Meu intuito era fazer pegação mas, depois que um GP muito simpático com quem flertei entrou no carro de um cliente, assumi seu posto em uma esquina que atende a alguns índices estratégicos de territorialização-michê; localização, percepção ocular e auditiva do entorno, contiguidade com uma determinada praça, um ponto de grande fluxo e convergência de carros, sombra, árvore. Posicionei-me, disposto ao jogo, auto-sabotagem cênica. Vários carros se inclinam ao meu encontro. Meus fãs!
Vejo à distância o brilho de uma viatura de coxinhas. Zarpo em estratégia para outro canto. Quem eu reencontro? O infeliz que fisgou meu pau há pouco menos de um ano atrás. Ele se desculpa pelo que aconteceu e, voilá, uma reviravolta na trama, fechamos um revival. E mais, ele me quer junto com o outro GP, aquele simpático, bonito, roludo. Mas um detalhe: tem que ser na praça, ele curte um certo exibicionismo. Bom, se eu fosse um velho desgraçado como ele, me orgulharia de chupar dois garotões bem-apessoados no meio de um monte de bichas atônitas em seus veículos de merda.
Quando ele finalmente goza, avistamos ali na esquina as luzes da viatura. Se dá a diáspora no seio da praça, o cliente caminha à frente e eu ando lado a lado com o outro. Um terceiro que estava de voyeur diverge também em movimento centrífugo. O garoto, que havia morado em Londres, me diz he has to pay us. Eu concordo e, ingenuamente, me precipito à frente com o intuito de seguir o cliente, me afastando do primeiro. É quando os Palhaços Militares aceleram e me alcançam, passando a andar na mesma direção e velocidade que eu engatado na bike.

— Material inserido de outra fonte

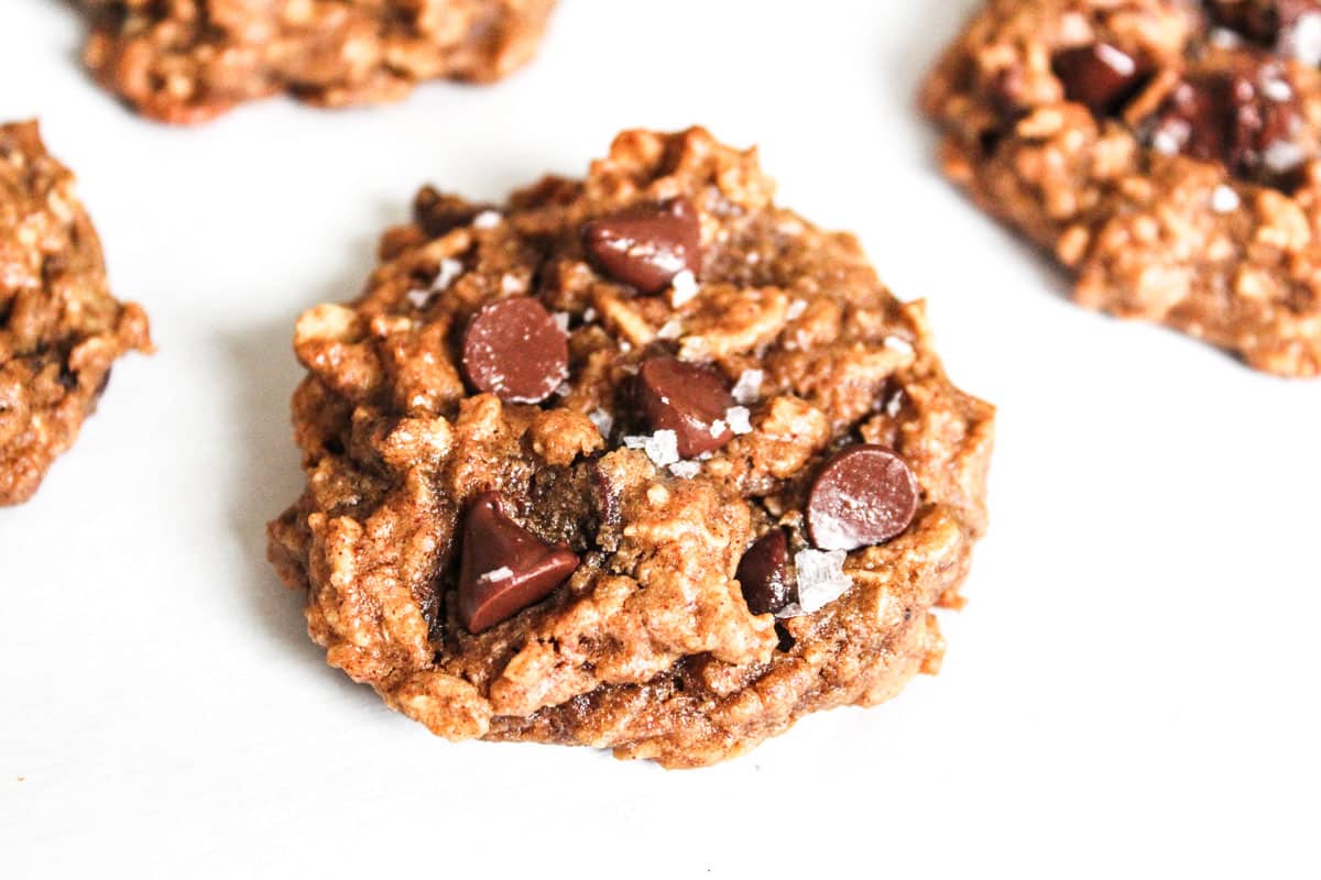 Almond butter oatmeal chocolate chip cookies are made without white flour and require only 8 ingredients! They're so easy and kid-friendly. They're healthy enough to serve as an after school snack but they taste indulgent.

Me fitam. Depois de alguns segundos fazendo a pêssega, olho para as duas pessoas que ocupavam o carro. Me lembro imediatamente de uma imagem que circulou na rede há alguns anos, um jovem policial militar fardado, musculoso e careca ostentando uma tatuagem de suástica no antebraço. Era mais ou menos isso, só que vezes dois, e na minha frente.
Dissimulo calma.
- Boa noite.
Um deles responde algo que poderia ser interpretado como um pedido de briga, algo meio Laranja Mecânica. Rio nervosamente.
- Você tá rindo por quê?
Pronto, é um pedido formal de briga. Algo meio gangue justiceira. Fodeu! Esses dois policiais são skinheads, estou ao lado de uma viatura, em uma área inóspita da cidade. E o pior, eu sequer posso chamar a polícia pra me defender! Esses filhos da puta vão bater nas minhas bolas até eu virar castrato, vão enfiar o porrete no meu cu até estourar meu intestino, e quando meus pais e amig_s encontrarem meu corpo, estarei sem nenhum dente e com uma barra de metal cravada na perna.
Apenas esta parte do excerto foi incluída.